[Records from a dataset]
+ + + + + + +

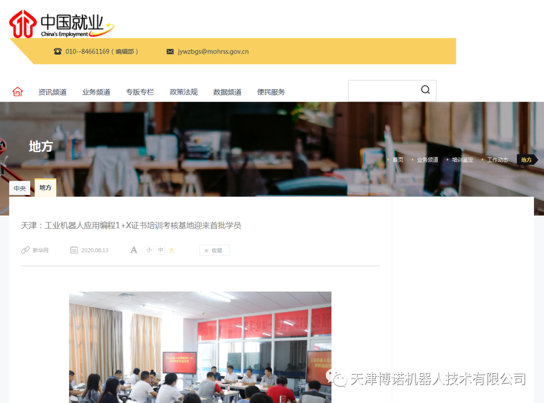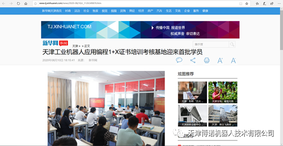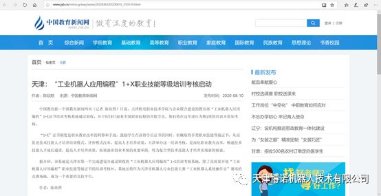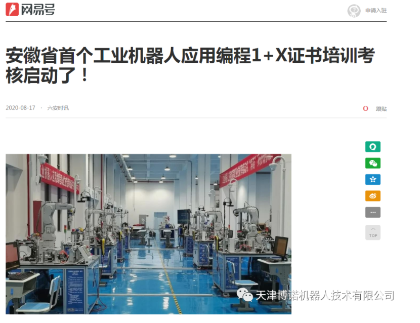 在北京赛育达科教有限责任公司专家组指导下,天津博诺机器人联合天津机电职业技术学院建设了天津市第一个教育部工业机器人应用编程1+X证书培训考核基地;天津博诺机器人联合皖江人力资源公共职业训练基地建设了安徽省第一个教育部工业机器人应用编程1+X证书培训考核基地,并同时在8月10日开展了培训考核工作,随着首期1+X证书培训考核的圆满完成,各大新闻媒体对培训持续进行了报道和转载。
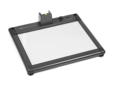 Trans-illuminator with 270 SMD LEDs, 6000 Kelvin daylight, color rendering index (CRI) = 95, serviceable illuminated area 50.6 x 36 cm (19.9 x 14.2 in., > tabloid format), illuminance approx. 8300 cd/m², brightness continuously dimmable, flicker-free operation. Mounting fixtures for optional RB 5270 DX (5278) and RB 525 AS (5284) surface lighting units. Height-adjustable feet. Column base with spirit level for 70 mm (2.8“) wide column.
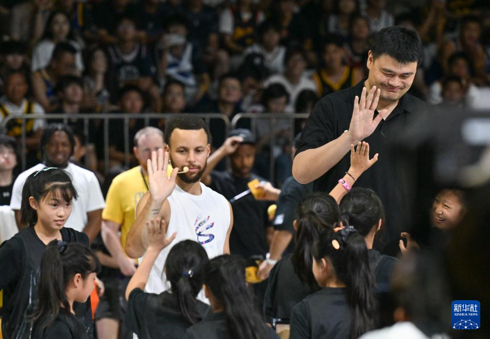 8月20日,姚明(右上)、库里与来自四川的乡村女子篮球队队员互动。
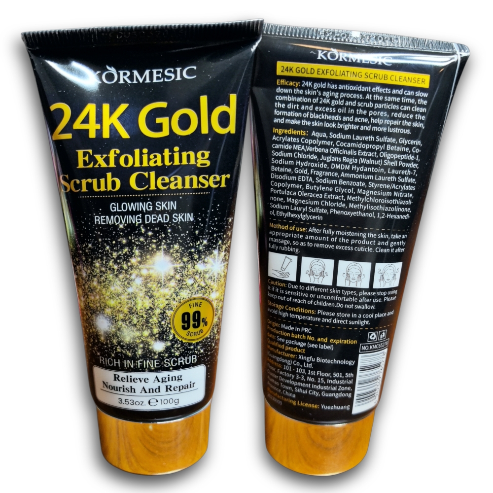 Exfoliante facial 24K con oligopéptidos, 100g. Proporciona un efecto antioxidantey ayuda a retrasar el envejecimiento de la piel.
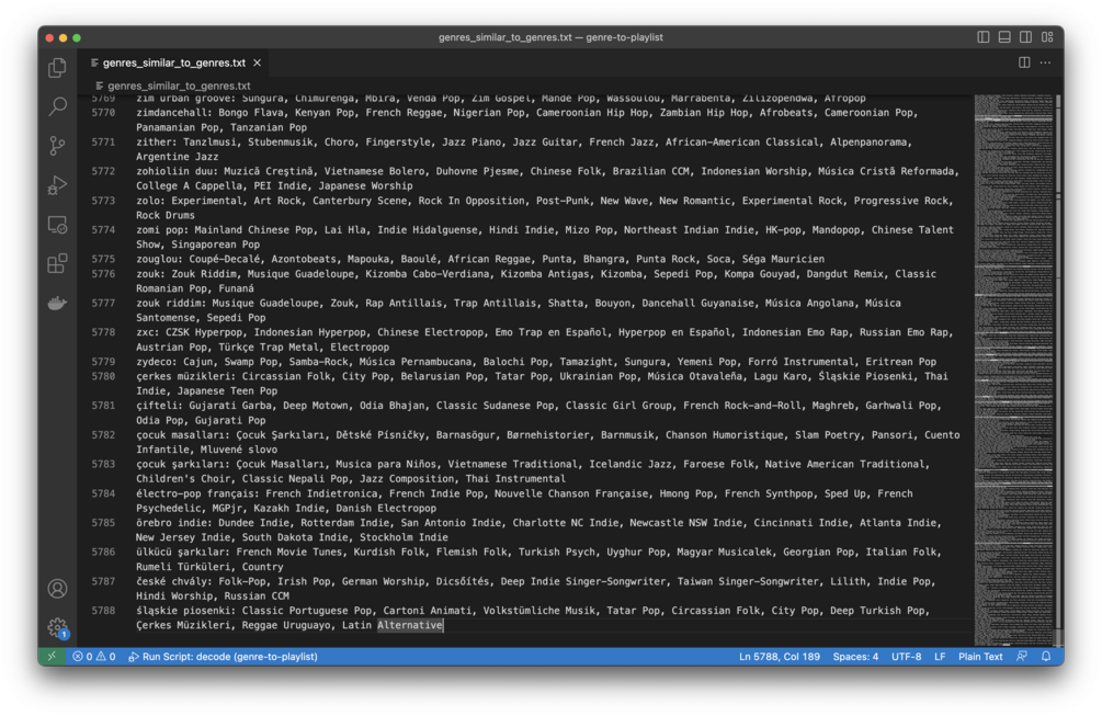 List of ~6000 Spotify genres, and for each genre, a list of similar music genres.

+ + + + + + +

### Aim of the exercise
Pictures excluded, repeat the records exactly from their opening line through the line containing "8月20日,姚明(右上)、库里与来自四川的乡村女子篮球队队员互动。".

### Output below
 在北京赛育达科教有限责任公司专家组指导下,天津博诺机器人联合天津机电职业技术学院建设了天津市第一个教育部工业机器人应用编程1+X证书培训考核基地;天津博诺机器人联合皖江人力资源公共职业训练基地建设了安徽省第一个教育部工业机器人应用编程1+X证书培训考核基地,并同时在8月10日开展了培训考核工作,随着首期1+X证书培训考核的圆满完成,各大新闻媒体对培训持续进行了报道和转载。
 Trans-illuminator with 270 SMD LEDs, 6000 Kelvin daylight, color rendering index (CRI) = 95, serviceable illuminated area 50.6 x 36 cm (19.9 x 14.2 in., > tabloid format), illuminance approx. 8300 cd/m², brightness continuously dimmable, flicker-free operation. Mounting fixtures for optional RB 5270 DX (5278) and RB 525 AS (5284) surface lighting units. Height-adjustable feet. Column base with spirit level for 70 mm (2.8“) wide column.
 8月20日,姚明(右上)、库里与来自四川的乡村女子篮球队队员互动。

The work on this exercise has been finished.